LKML Archive on lore.kernel.org
help / color / mirror / Atom feed
* __vm_enough_memory(), OVERCOMMIT_NEVER, current->mm, kernel thread
@ 2008-10-21 15:14 hooanon05
  2008-10-21 15:46 ` Alan Cox
  0 siblings, 1 reply; 9+ messages in thread
From: hooanon05 @ 2008-10-21 15:14 UTC (permalink / raw)
  To: linux-kernel


Hello all,

When sysctl_overcommit_memory is set OVERCOMMIT_NEVER,
__vm_enough_memory() refers current->mm.

For example,
# exportfs -i -o ... localhost:/tmpfs
# mkdir /tmp/w
# mount -o ... localhost:/tmpfs /tmp/w
# yes > /tmp/w/fileA

In this case, NFSD (kernel thread) calls shmem_file_write() or
shmem_write_begin() and __vm_enough_memory() is called.
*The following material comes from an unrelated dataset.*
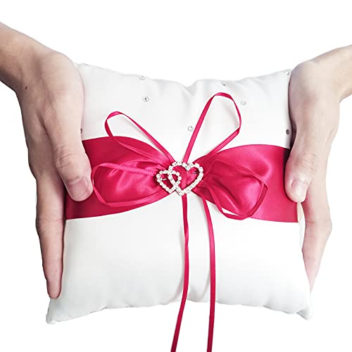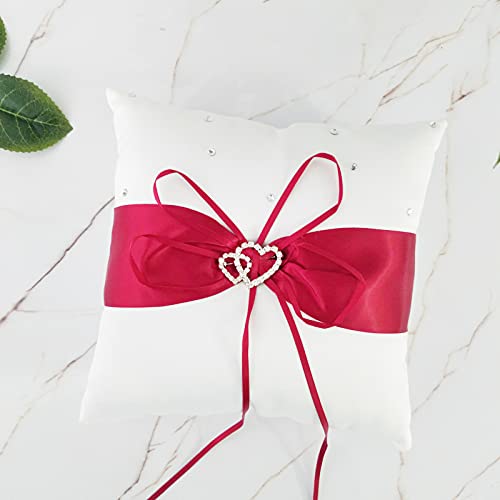 Design raffinato: il nostro cuscino ad anello è bianco tutt'intorno, con un nastro rosso al centro, con un doppio cuore di forme diverse. Con il cuscino per anelli, il tuo anello sarà ancora più radioso.

But current->mm
is NULL and the kernel crashes.
If a user have to set OVERCOMMIT_NEVER, where should we fix?


Junjiro R. Okajima

^ permalink raw reply	[flat|nested] 9+ messages in thread

* Re: __vm_enough_memory(), OVERCOMMIT_NEVER, current->mm, kernel thread
  2008-10-21 15:14 __vm_enough_memory(), OVERCOMMIT_NEVER, current->mm, kernel thread hooanon05
@ 2008-10-21 15:46 ` Alan Cox
  2008-10-21 23:10   ` hooanon05
  0 siblings, 1 reply; 9+ messages in thread
From: Alan Cox @ 2008-10-21 15:46 UTC (permalink / raw)
  To: hooanon05; +Cc: linux-kernel

> In this case, NFSD (kernel thread) calls shmem_file_write() or
> shmem_write_begin() and __vm_enough_memory() is called. But current->mm
> is NULL and the kernel crashes.
> If a user have to set OVERCOMMIT_NEVER, where should we fix?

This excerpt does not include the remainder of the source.